(Items from a dataset)
Segment Open

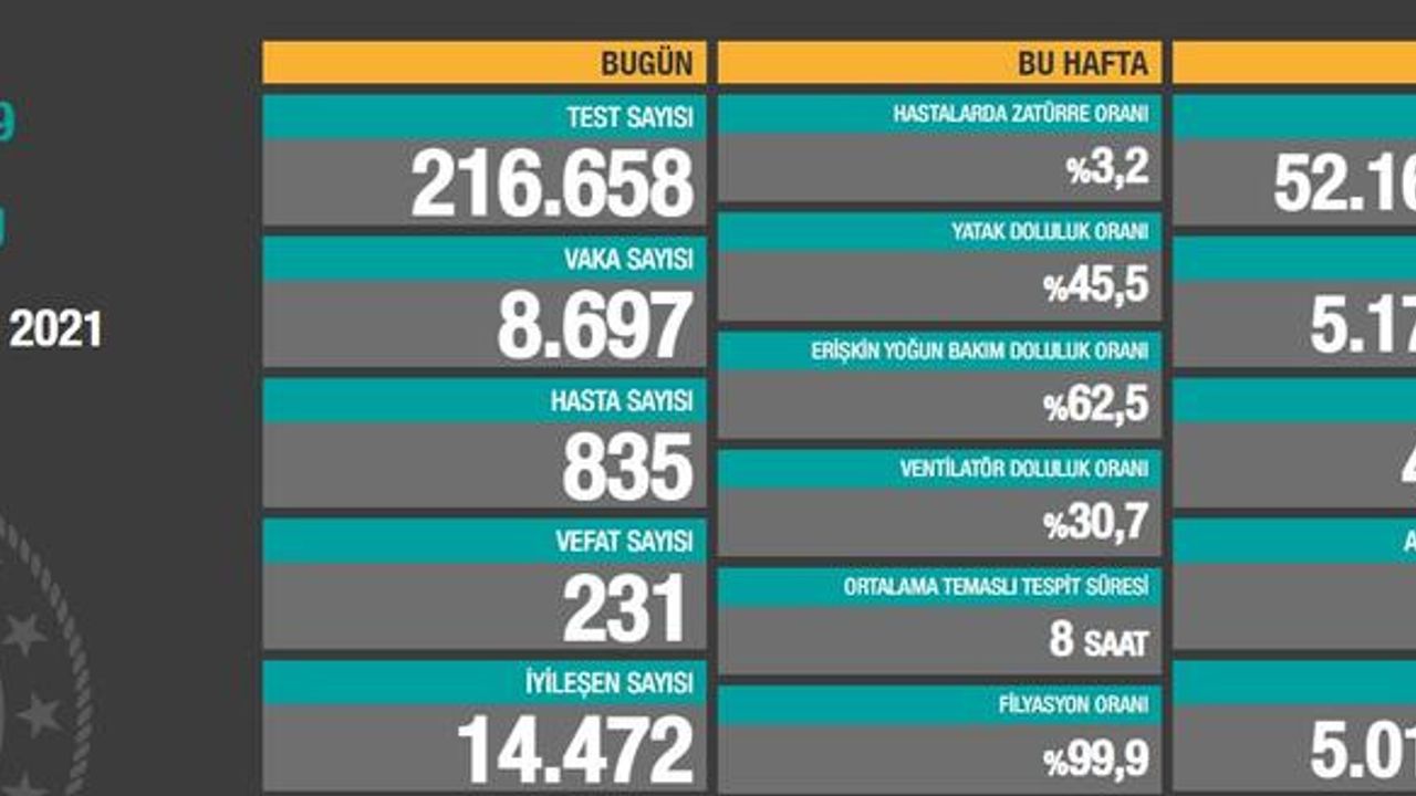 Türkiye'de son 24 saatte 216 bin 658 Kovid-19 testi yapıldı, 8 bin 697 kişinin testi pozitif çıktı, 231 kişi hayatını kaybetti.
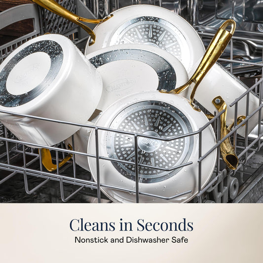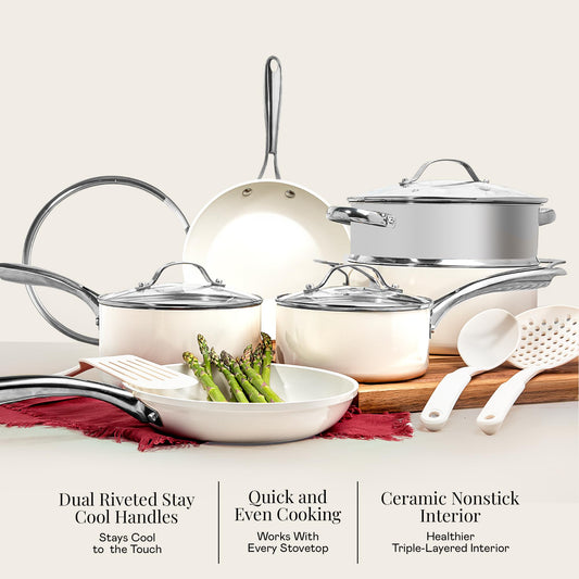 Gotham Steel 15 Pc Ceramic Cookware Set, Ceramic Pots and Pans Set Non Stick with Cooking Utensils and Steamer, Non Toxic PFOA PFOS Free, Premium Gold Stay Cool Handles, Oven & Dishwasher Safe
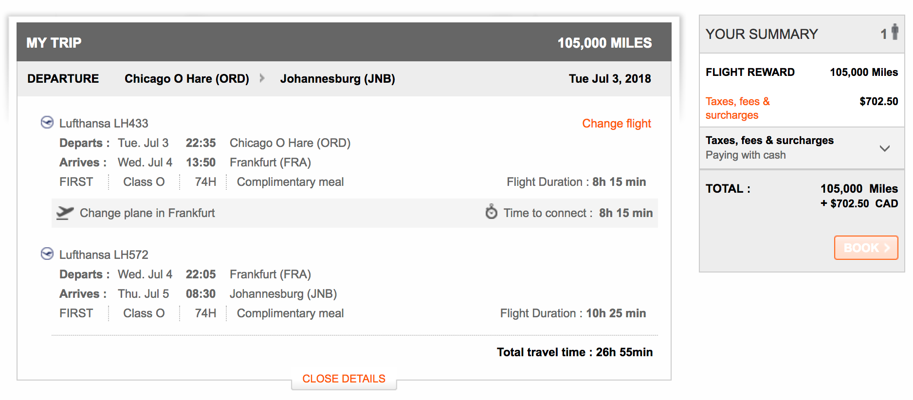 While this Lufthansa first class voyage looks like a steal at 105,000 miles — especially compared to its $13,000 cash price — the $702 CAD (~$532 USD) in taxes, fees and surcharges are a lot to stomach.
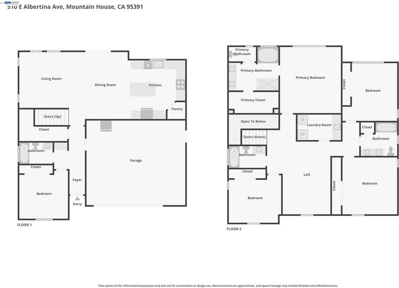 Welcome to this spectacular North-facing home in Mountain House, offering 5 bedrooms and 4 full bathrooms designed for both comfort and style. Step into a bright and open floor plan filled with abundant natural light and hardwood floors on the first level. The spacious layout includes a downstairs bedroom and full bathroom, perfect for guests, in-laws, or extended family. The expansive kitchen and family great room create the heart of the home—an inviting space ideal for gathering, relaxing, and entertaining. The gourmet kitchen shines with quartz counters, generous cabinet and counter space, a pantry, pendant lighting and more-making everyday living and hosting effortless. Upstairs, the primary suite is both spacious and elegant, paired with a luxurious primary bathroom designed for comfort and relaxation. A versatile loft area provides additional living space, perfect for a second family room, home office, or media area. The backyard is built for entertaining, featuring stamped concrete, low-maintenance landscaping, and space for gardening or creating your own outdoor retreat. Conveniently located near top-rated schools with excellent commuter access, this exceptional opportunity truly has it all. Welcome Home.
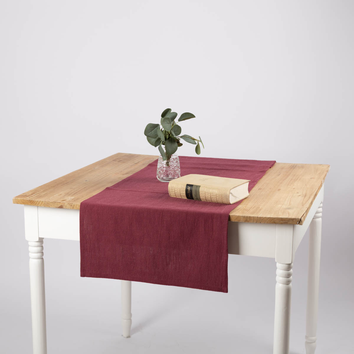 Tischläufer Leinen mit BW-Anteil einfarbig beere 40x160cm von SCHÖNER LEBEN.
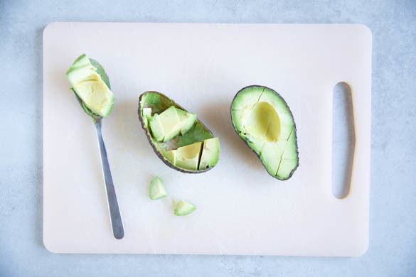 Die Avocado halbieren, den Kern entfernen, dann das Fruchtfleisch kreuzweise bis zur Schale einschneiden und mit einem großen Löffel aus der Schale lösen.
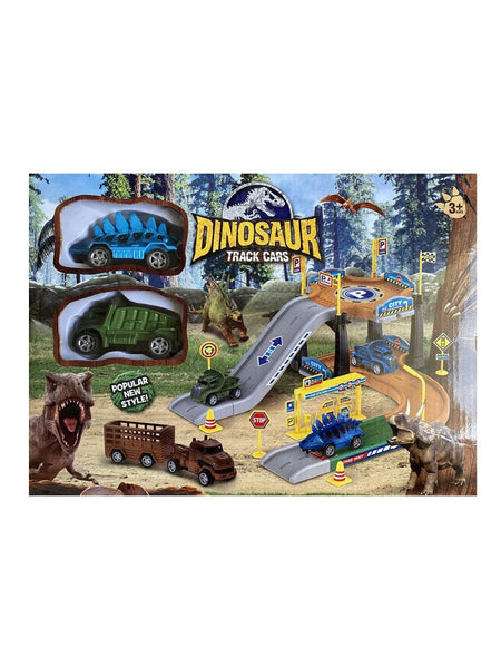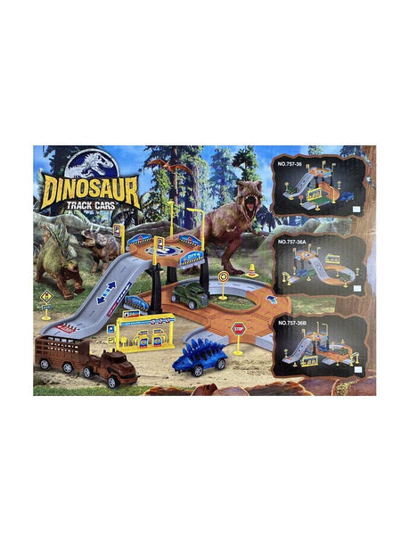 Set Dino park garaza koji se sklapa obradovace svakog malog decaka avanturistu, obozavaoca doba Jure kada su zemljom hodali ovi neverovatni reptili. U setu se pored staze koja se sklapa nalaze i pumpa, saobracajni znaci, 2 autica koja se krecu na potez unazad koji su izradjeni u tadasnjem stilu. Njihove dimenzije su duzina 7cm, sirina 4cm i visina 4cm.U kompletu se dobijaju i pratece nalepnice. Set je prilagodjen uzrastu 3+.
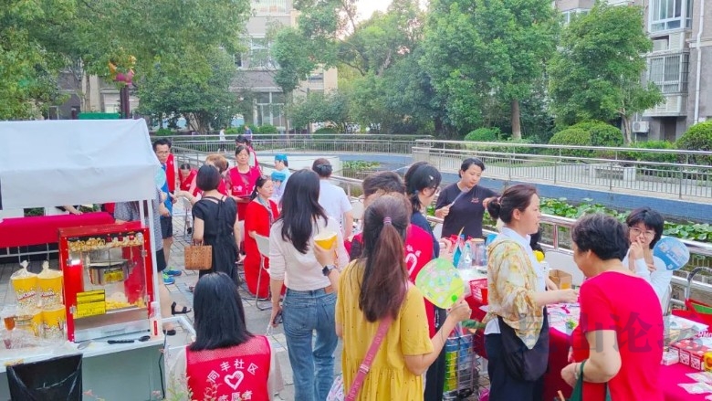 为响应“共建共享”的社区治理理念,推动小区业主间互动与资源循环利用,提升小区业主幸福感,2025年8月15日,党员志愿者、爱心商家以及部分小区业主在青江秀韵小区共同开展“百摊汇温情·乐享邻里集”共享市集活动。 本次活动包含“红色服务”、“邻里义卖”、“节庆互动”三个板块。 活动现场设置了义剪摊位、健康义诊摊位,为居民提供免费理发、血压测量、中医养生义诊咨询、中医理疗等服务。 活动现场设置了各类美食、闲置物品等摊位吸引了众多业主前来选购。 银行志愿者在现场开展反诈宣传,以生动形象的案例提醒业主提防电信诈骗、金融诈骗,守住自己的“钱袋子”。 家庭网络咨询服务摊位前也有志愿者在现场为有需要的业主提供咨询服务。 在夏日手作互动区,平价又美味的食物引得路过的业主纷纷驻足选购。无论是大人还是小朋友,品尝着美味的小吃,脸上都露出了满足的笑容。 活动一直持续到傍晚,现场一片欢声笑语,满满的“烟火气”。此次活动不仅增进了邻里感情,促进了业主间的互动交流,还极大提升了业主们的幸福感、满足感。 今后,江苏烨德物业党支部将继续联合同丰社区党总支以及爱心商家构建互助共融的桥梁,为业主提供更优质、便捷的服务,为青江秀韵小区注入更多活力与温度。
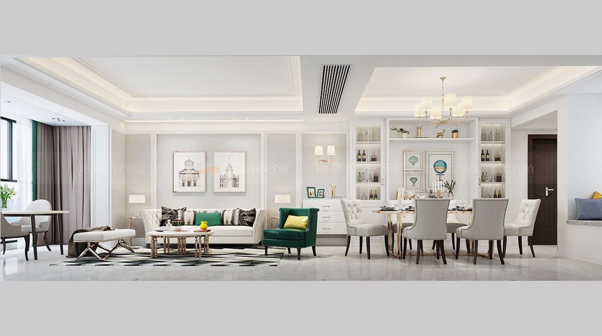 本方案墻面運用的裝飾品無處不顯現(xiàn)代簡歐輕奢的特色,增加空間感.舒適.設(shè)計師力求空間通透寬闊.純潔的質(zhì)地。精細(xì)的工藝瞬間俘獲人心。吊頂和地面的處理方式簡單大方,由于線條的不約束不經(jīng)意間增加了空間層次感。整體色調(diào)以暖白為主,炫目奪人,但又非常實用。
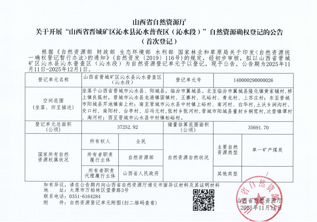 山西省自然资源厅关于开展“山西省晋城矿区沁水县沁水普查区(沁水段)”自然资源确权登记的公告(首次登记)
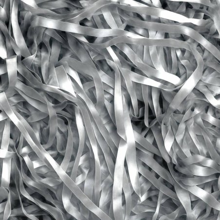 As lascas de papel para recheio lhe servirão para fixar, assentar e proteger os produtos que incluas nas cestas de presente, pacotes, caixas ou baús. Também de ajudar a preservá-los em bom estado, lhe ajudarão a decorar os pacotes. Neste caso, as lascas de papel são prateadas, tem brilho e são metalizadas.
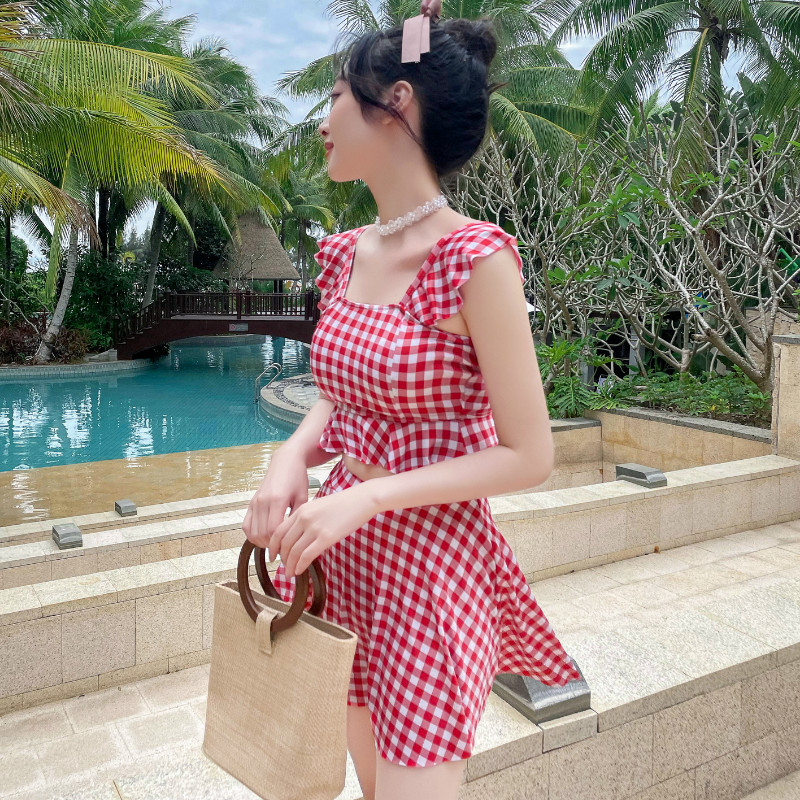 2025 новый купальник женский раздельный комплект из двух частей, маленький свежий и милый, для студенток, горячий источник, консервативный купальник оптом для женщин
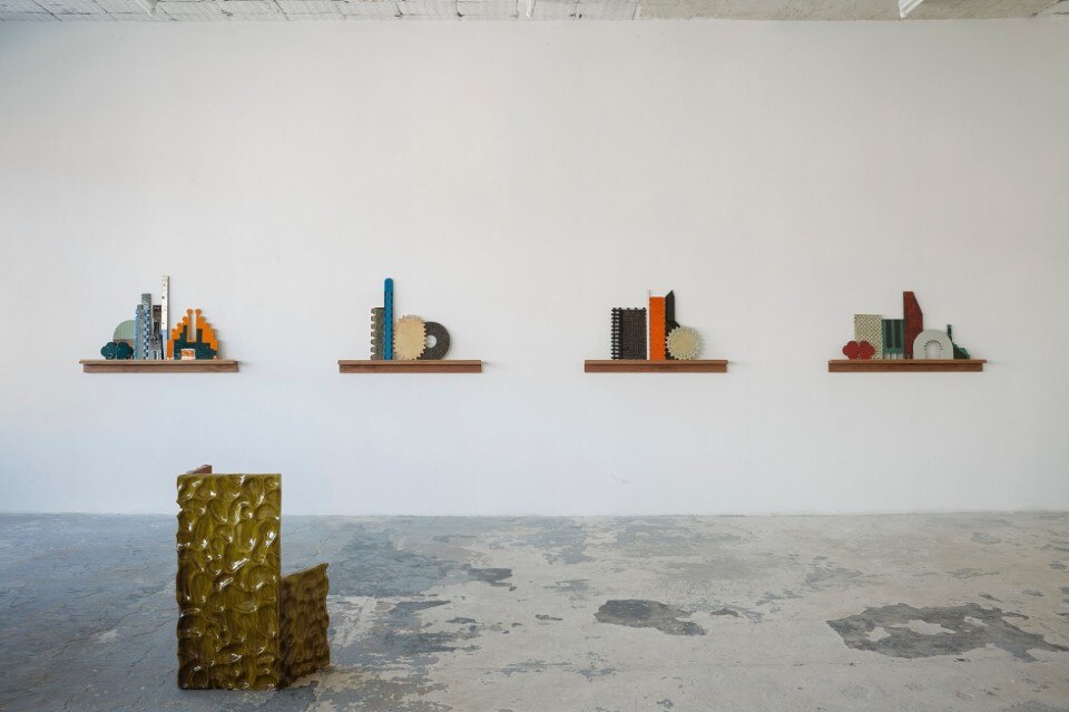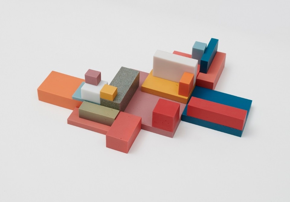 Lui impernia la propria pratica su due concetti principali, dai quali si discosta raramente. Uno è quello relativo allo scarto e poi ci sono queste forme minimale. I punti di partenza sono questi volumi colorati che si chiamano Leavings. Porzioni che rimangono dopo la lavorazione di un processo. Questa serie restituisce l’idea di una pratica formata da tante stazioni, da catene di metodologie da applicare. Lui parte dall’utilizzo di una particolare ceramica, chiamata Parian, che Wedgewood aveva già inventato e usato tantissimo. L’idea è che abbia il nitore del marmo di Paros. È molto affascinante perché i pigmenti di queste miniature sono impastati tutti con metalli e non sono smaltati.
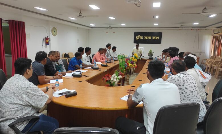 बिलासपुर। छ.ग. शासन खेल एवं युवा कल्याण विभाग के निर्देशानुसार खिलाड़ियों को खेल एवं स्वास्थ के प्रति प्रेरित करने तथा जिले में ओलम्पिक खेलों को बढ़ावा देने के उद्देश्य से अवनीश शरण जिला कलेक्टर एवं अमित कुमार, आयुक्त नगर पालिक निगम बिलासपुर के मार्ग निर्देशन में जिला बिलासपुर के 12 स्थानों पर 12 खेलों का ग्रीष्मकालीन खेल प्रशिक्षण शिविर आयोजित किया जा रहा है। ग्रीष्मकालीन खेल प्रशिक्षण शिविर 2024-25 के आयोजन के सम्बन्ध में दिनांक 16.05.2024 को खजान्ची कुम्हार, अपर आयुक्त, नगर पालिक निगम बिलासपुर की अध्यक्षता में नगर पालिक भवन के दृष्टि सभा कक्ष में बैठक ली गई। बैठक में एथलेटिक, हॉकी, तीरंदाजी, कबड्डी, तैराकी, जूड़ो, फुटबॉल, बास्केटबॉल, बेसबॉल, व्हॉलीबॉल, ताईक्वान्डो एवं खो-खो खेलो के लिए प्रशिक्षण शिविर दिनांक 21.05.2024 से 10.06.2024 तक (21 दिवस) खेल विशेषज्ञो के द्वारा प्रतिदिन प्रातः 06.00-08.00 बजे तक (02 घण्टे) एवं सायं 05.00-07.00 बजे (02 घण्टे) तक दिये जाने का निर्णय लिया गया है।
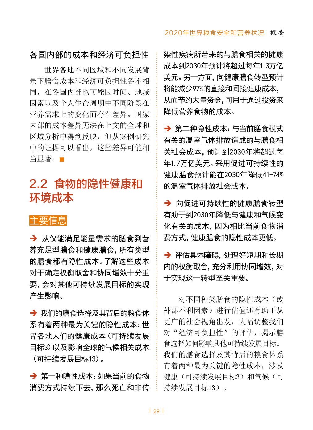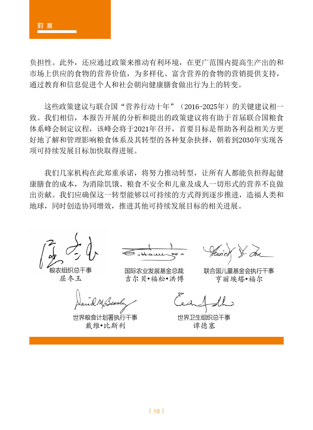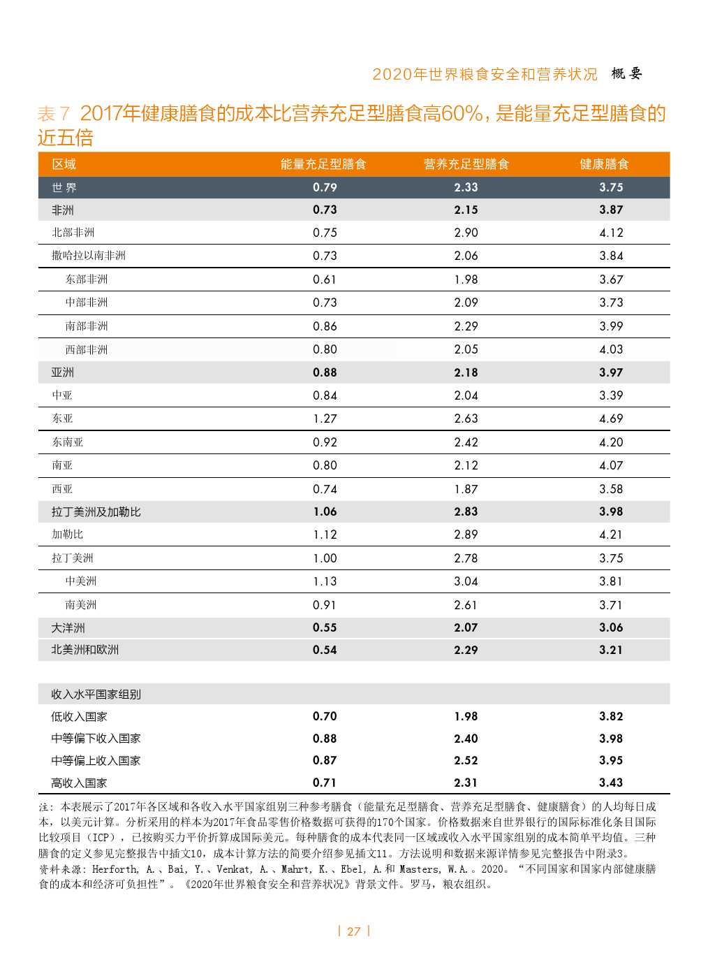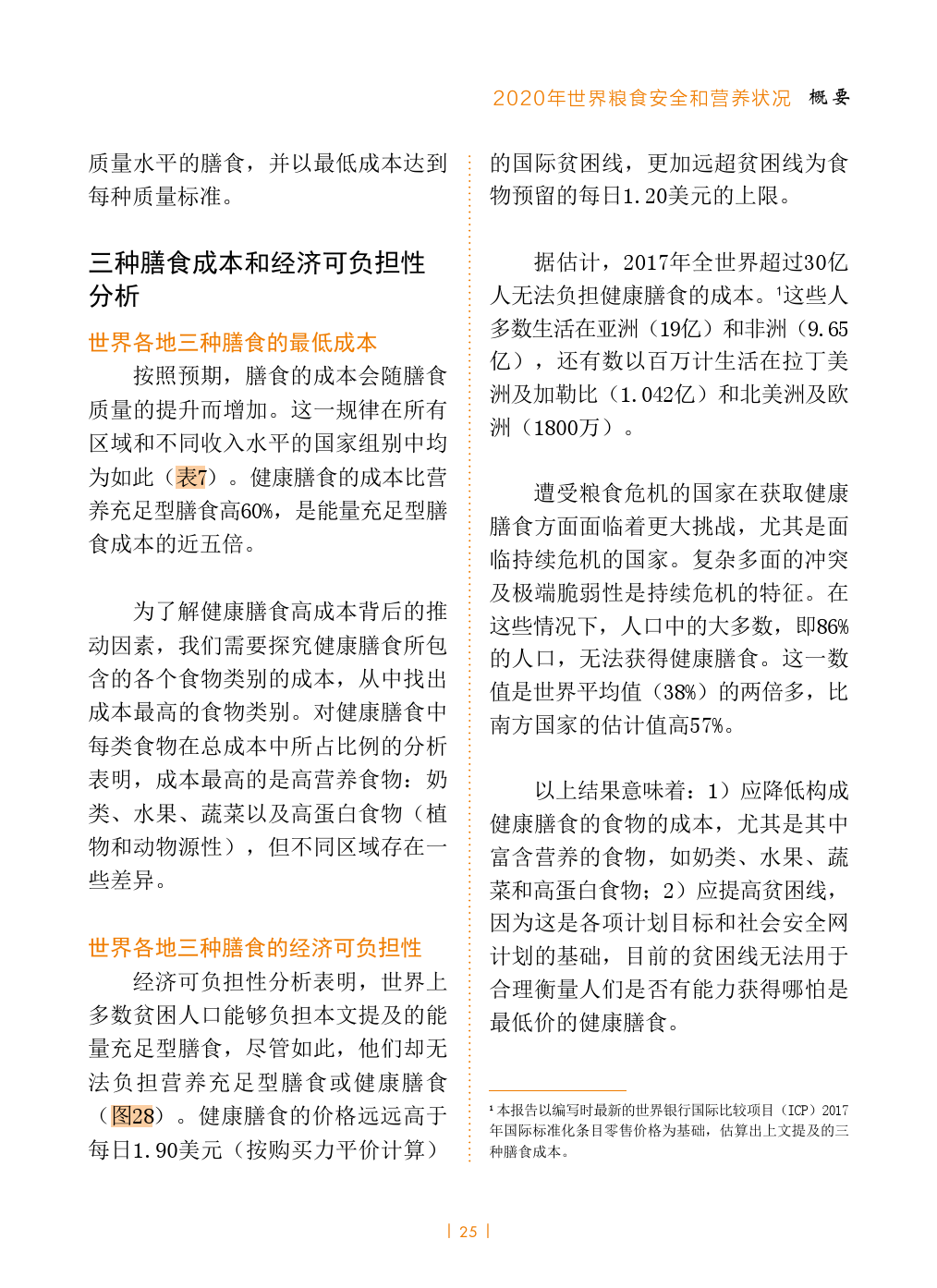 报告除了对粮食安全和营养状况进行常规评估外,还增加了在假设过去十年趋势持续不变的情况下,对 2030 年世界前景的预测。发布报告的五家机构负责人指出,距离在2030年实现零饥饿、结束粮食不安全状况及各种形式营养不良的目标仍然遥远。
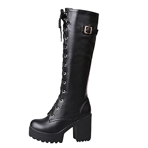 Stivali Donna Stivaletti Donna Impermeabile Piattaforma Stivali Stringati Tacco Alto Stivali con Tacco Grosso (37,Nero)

Segment Closed

Starting with the first line of the data above, write out each line exactly up to and including the line that holds "While this Lufthansa". Pictures stay out.

-- Solution for this problem --
 Türkiye'de son 24 saatte 216 bin 658 Kovid-19 testi yapıldı, 8 bin 697 kişinin testi pozitif çıktı, 231 kişi hayatını kaybetti.
 Gotham Steel 15 Pc Ceramic Cookware Set, Ceramic Pots and Pans Set Non Stick with Cooking Utensils and Steamer, Non Toxic PFOA PFOS Free, Premium Gold Stay Cool Handles, Oven & Dishwasher Safe
 While this Lufthansa first class voyage looks like a steal at 105,000 miles — especially compared to its $13,000 cash price — the $702 CAD (~$532 USD) in taxes, fees and surcharges are a lot to stomach.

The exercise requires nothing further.